シャドーイングをするための素材としては「短めの英文」で構成されて
いるものがやりやすいのでおススメです。
まずは自分の興味のある教材を使って始めてみると良いでしょう。
新しく教材を選ぶ人は下の点に注意しましょう。
□ 自分のレベルに合わせた素材(簡単な方が良い)
□ 何度もくり返す必要があるので、素材は短めの方がやりやすい
□ 音声のスピードが調節できるもの
□ 英文(スクリプト)、日本語訳があるもの
音声のスピードに関しては、英語学習者の中でも「ナチュラルスピードでやるべき」
という人と「レベルに合わせてゆっくりにするべき」という人で意見が分かれます。
教材レベルが初級者用のテキストであれば、ナチュラルスピードでも問題は
ありませんが、知らない単語が多い場合はナチュラルスピードがキツイかもしれません。
最終的にはナチュラルスピードで聞く力が必要になりますが「聞き取りが辛くてストレス」という人であれば
スピードを調整して練習しても良いでしょう。
シャドーイング練習は、飽きるくらいくり返すことで実力がつくトレーニングです。
始めて取り組む場合は、短い素材を選ぶようにしましょう。
- シャドーイングのコンテンツは基本は何でもOK! でも短めの英文がベター
- 1つの英文を30回以上は読む覚悟でトレーニングをしよう
- テキストレベルは「やや簡単」がやりやすい
まとめ
リスニング力やスピーキング力を1ランク上げたい人におススメなのが今回紹介した「シャドーイング」です。

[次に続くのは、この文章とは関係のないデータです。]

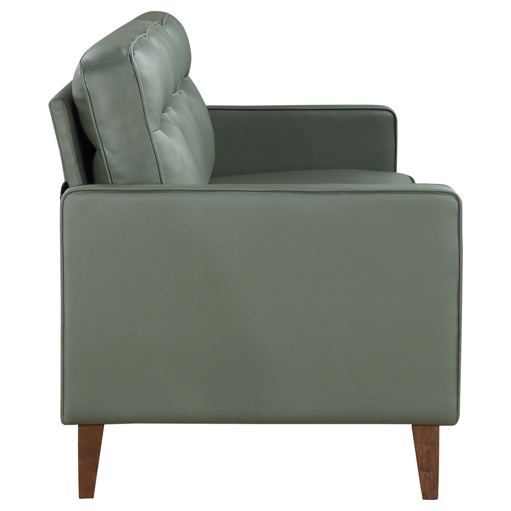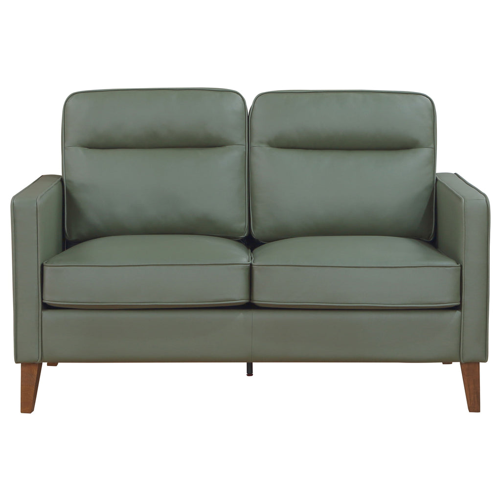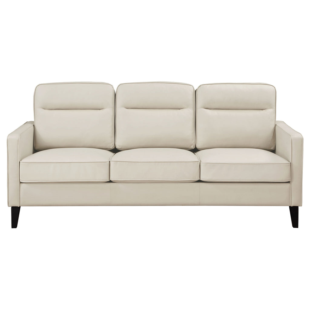 The best of casual modern design motifs add a tasteful look to updated living rooms and dens with a two-piece sofa set created for impact. The sofa and loveseat set adopts a clean style approach to contemporary spaces, combining cozy padding with a structured silhouette. Plywood framing is sturdy and secure, covered with foam padding, and upholstered with easy-care leatherette fabric. Removeable back cushions with subtle horizontal tufting join reversible seat cushions, all nestled in slender frames with narrow track arms. Choose this two-piece sofa set for a timeless look that’s easy to complement with accessories and accent decor.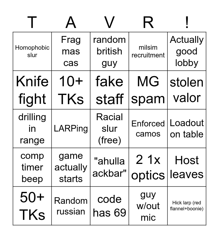 This bingo card has a free space and 57 words: AKTK enabled, 50+ TKs, music spam, Homophobic slur, code has 69, phallic object on board, 10+ TKs, Obvious child, MG spam, way too long briefing, milsim recruitment, random kick, Admitted underage, phallic plan, immediate death, brainrot, Actually good lobby, LARPing, Height glitcher, Hick larp (red flannel+boonie), Enforced camos, Child criticizing loadout, 2 1x optics, random british guy, screaming, fake staff, rank in name, Qualified, stolen valor, good whiteboard art, marker scribbles, Shotgun, non-night modifier enabled, Night, Loadout on table, Knife fight, random stim, drilling in range, "drilling" in range, comp timer beep, Frag mas cas, "ahulla ackbar", AI cosplay, smoke/flash spam, "I'll be the sniper", SVD CQB, game actually starts, Random russian, random "russian", older guy who just wants to play, unironic use of "CAG", guy w/out mic, "talk right now", constant flagging, taken hostage, Host leaves and CQB "pro".

テキストと音源だけで手軽に始めることができますが、同じ英文を30回以上くり返すことで力が付くトレーニングなので
「続けられるかどうか」がカギになります。
まずは、ディクテーションの学習から始めて、そのテキストでシャドーイングのトレーニングをするのが続けられるコツかもしれません。
続ければ続けるほど楽になるトレーニングなので、まずは3ヵ月がんばってみてはいかがでしょうか。